Currently, voronoi computes the neighbor list weights correctly for 2D. It weights the edges by the length of the ridge separating the neighboring points. However, this does not work in 3D, since the ridge area should give its weight.

This snippet gives sample weights in 2D and may be helpful for constructing the 3D test.

import freud
import numpy as np
L = 10
rbuf = 3
positions = np.array([[i, j, 0] for i in range(3) for j in range(3)]).astype(np.float32)
fbox = freud.box.Box.square(L)
vor = freud.voronoi.Voronoi(fbox)
vor.computeNeighbors(positions, fbox, rbuf)
nlist = vor.getNeighborList()
nlist = nlist.filter(nlist.index_i == 4)
for (i, j, w) in zip(nlist.index_i, nlist.index_j, nlist.weights):
  print(i, j, w)
# 4 3 1.0
# 4 5 1.0
# 4 1 1.0
# 4 7 1.0

Comments (4)

  1. Bradley Dice reporter

    This code snippet demonstrates a separate problem: the neighborlist does not wrap around the periodic box. Even though the first particle should have a total of 6 neighbors, counting those in opposite wrapped corners of the box, it appears to have only 3 neighbors.
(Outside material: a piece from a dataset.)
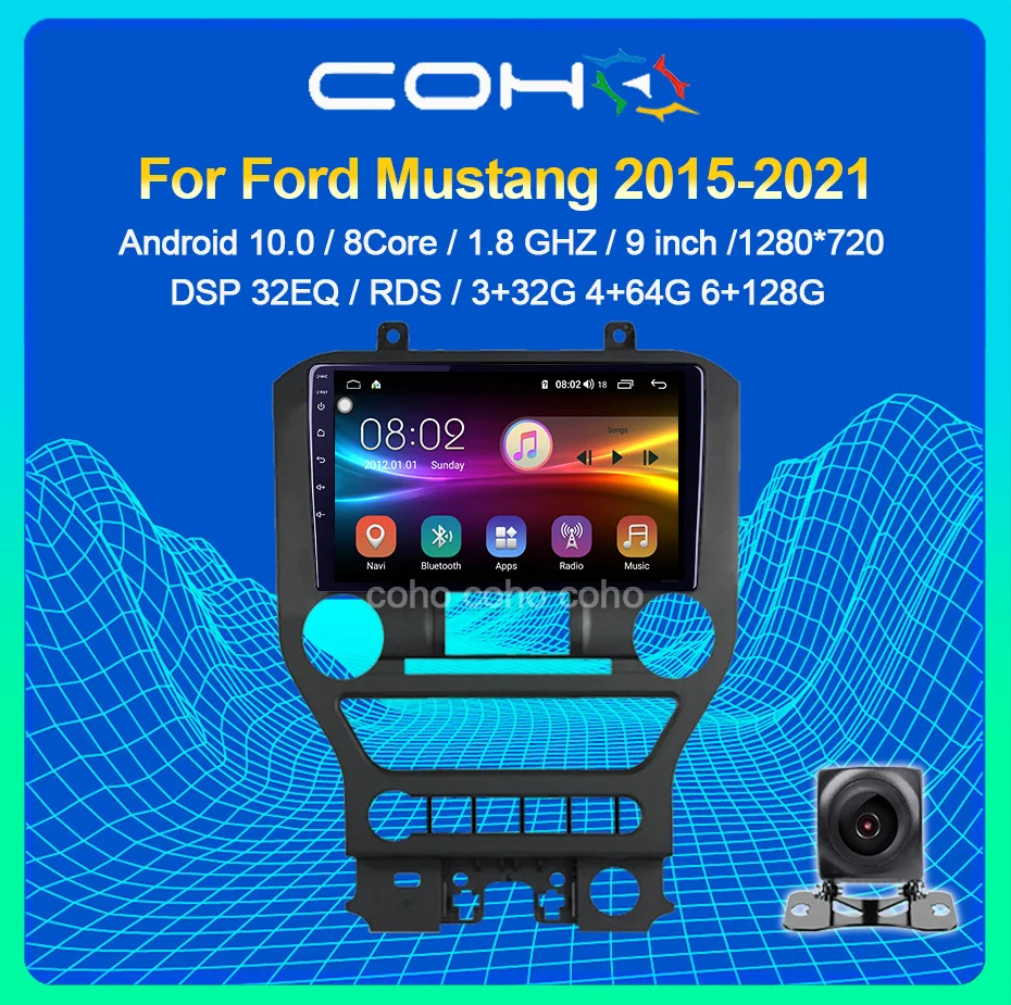 COHO для Ford Mustang Octa-Core 2015-2021 Android автомобильное радио, мультимедийный видеоплеер, навигация GPS 6 + 128 Blu-Ray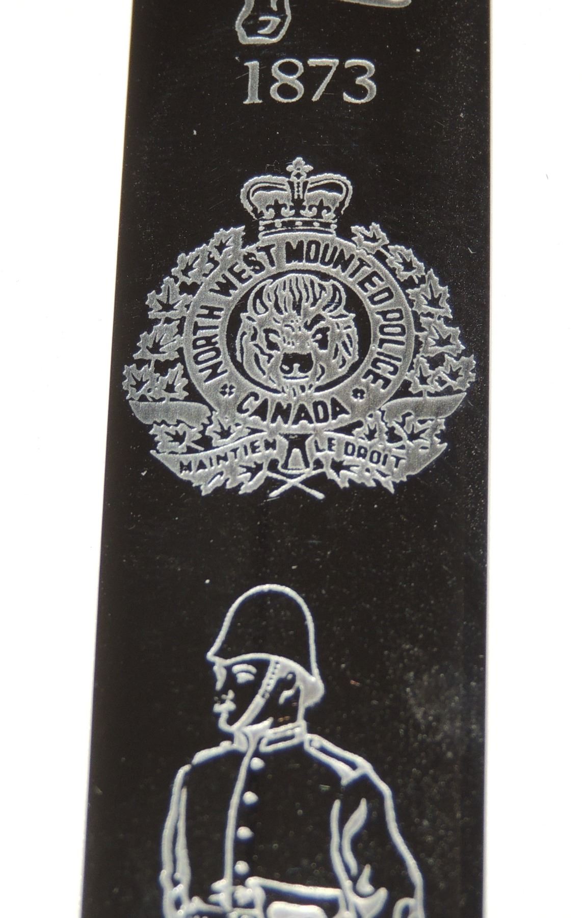 OFFERED TO MEMBERS ONLY IN 1980 NGRAVED BLADE WITH NWMP RNWMP RCMP MEMBERS NUMBERED #423 QUEEN ELIZABETH II QEII CROWN COLLAR BADGE ON SWORD GUARD 35 INCHES LENGTH TOTAL WITH 28.5 INCH BLADE ROYAL CANADIAN MOUNTED POLICE WILKINSON MADE IN ENGLAND

To solve this, the VoronoiBuffer code will need to track the particle IDs when it adds buffer particles.

    import freud
    import numpy as np
    L = 4
    rbuf = L/2
    perturbation = 0
    positions = np.array([[((i+perturbation*(np.random.rand()-0.5)) % L) - L/2,
                           ((j+perturbation*(np.random.rand()-0.5)) % L) - L/2,
                           ((k+perturbation*(np.random.rand()-0.5)) % L) - L/2]
                           for i in range(L)
                           for j in range(L)
                           for k in range(L)]).astype(np.float32)
    print(positions)
    fbox = freud.box.Box.cube(L)
    print(fbox)
    vor = freud.voronoi.Voronoi(fbox)
    vor.computeNeighbors(positions, fbox, rbuf)
    nlist = vor.getNeighborList()
    unique_indices, counts = np.unique(nlist.index_i, return_counts=True)
    for ui in unique_indices:
        print('Index', ui, 'has', counts[ui], 'neighbors.')
        ilist = nlist.copy()
        ilist = ilist.filter(ilist.index_i == ui)
        for (i, j, w) in zip(ilist.index_i, ilist.index_j, ilist.weights):
          print(i, j, w)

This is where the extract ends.